Your goal » Could you repeat exactly the lines below, from the line containing "The Susana has" through the last one, both included, while leaving out any pictures?
──────── Input data ────────
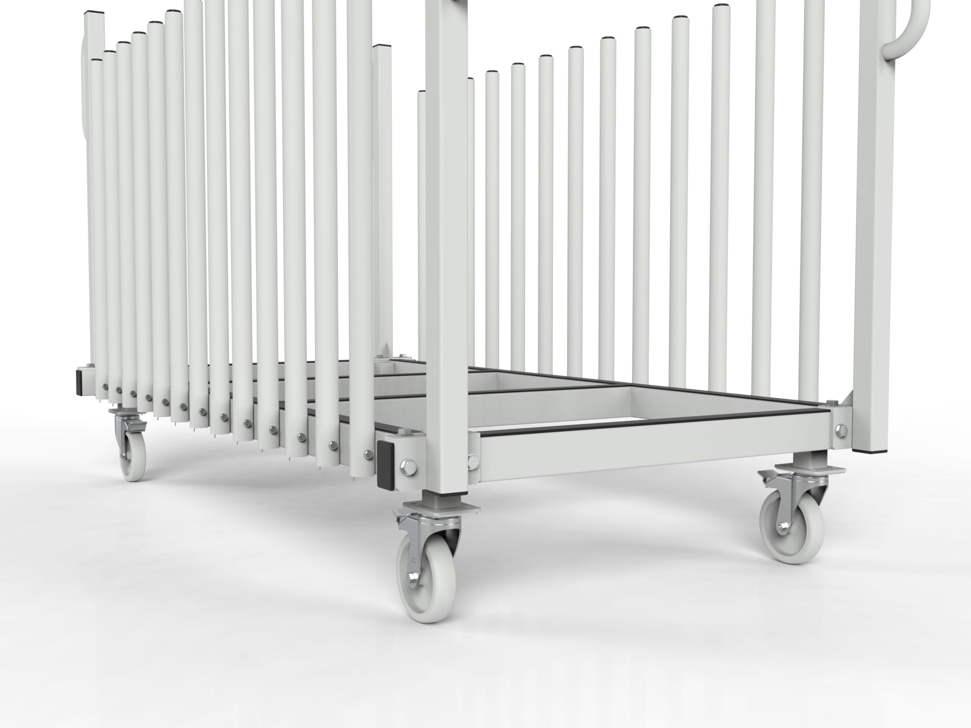 - handles for guiding the trolley on supports in the corners of the structure, each at a height of 1106 mm from the ground
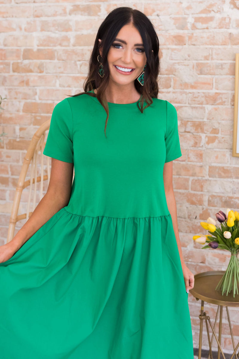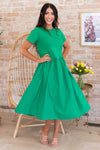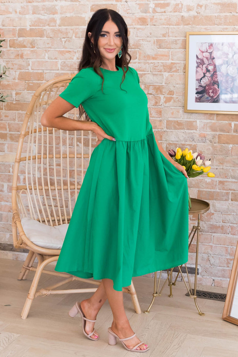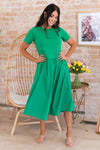 The Susana has all the most gorgeous features to include short fitted sleeves, dropped empire waist and the most darling flowy flared tea-length skirt. This modest beauty is a true summertime must have!
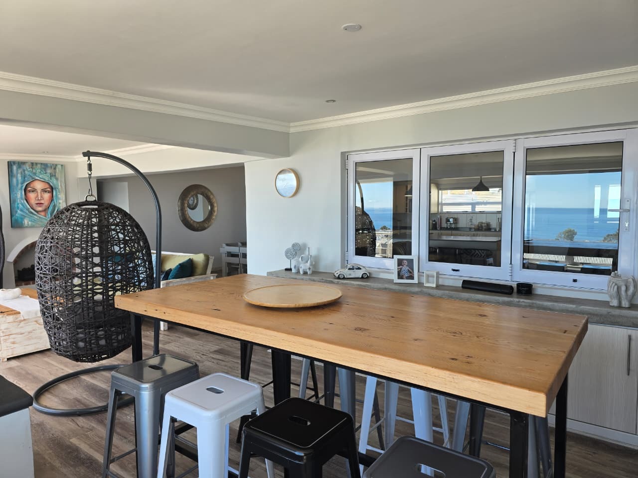 Expansive open-plan living areas with high ceilings and sea views
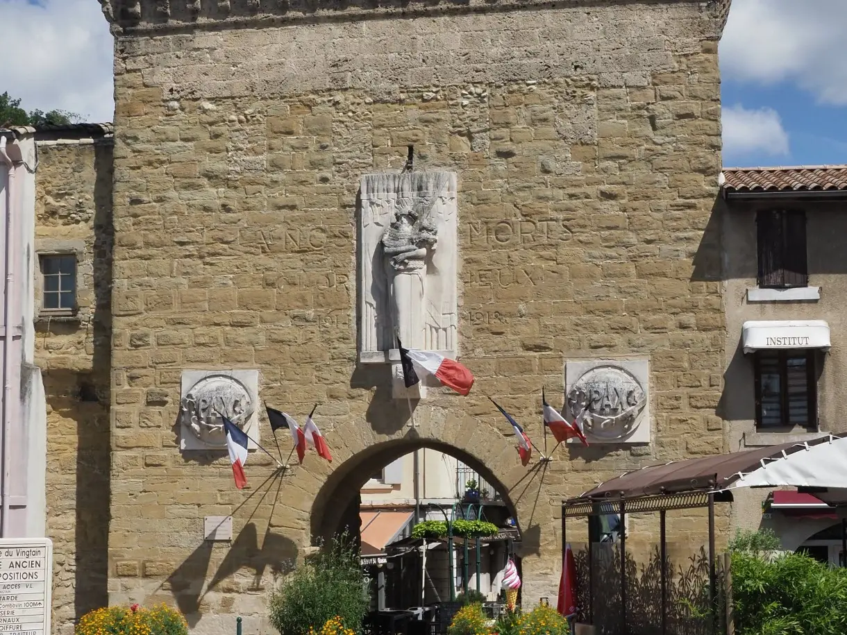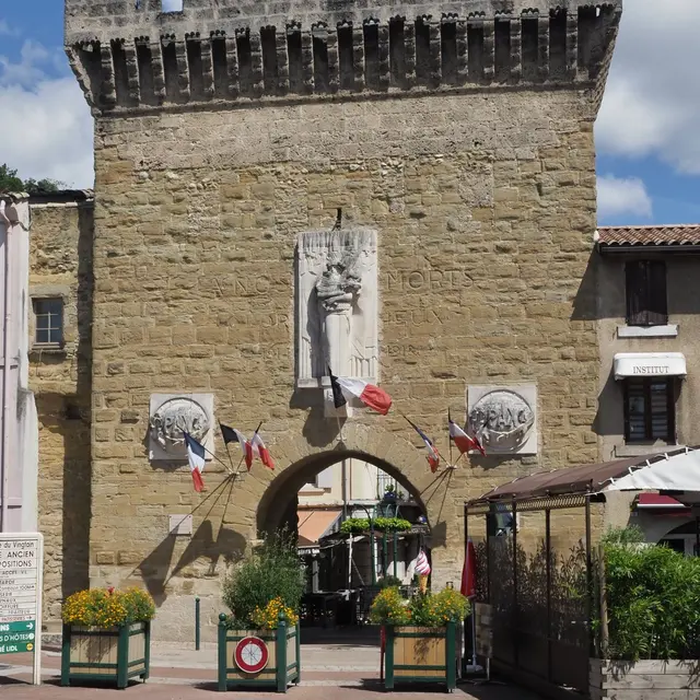 Construite en molasse, ses ferrures et rainures sous voûte prouvent l'existence d'une herse et d'une porte en bois. Un écusson aux armes des Princes de Monaco est martelé sur le tympan de la voûte. Une salle des gardes se trouve au 1er étage.
────────
Written response »
 The Susana has all the most gorgeous features to include short fitted sleeves, dropped empire waist and the most darling flowy flared tea-length skirt. This modest beauty is a true summertime must have!
 Expansive open-plan living areas with high ceilings and sea views
 Construite en molasse, ses ferrures et rainures sous voûte prouvent l'existence d'une herse et d'une porte en bois. Un écusson aux armes des Princes de Monaco est martelé sur le tympan de la voûte. Une salle des gardes se trouve au 1er étage.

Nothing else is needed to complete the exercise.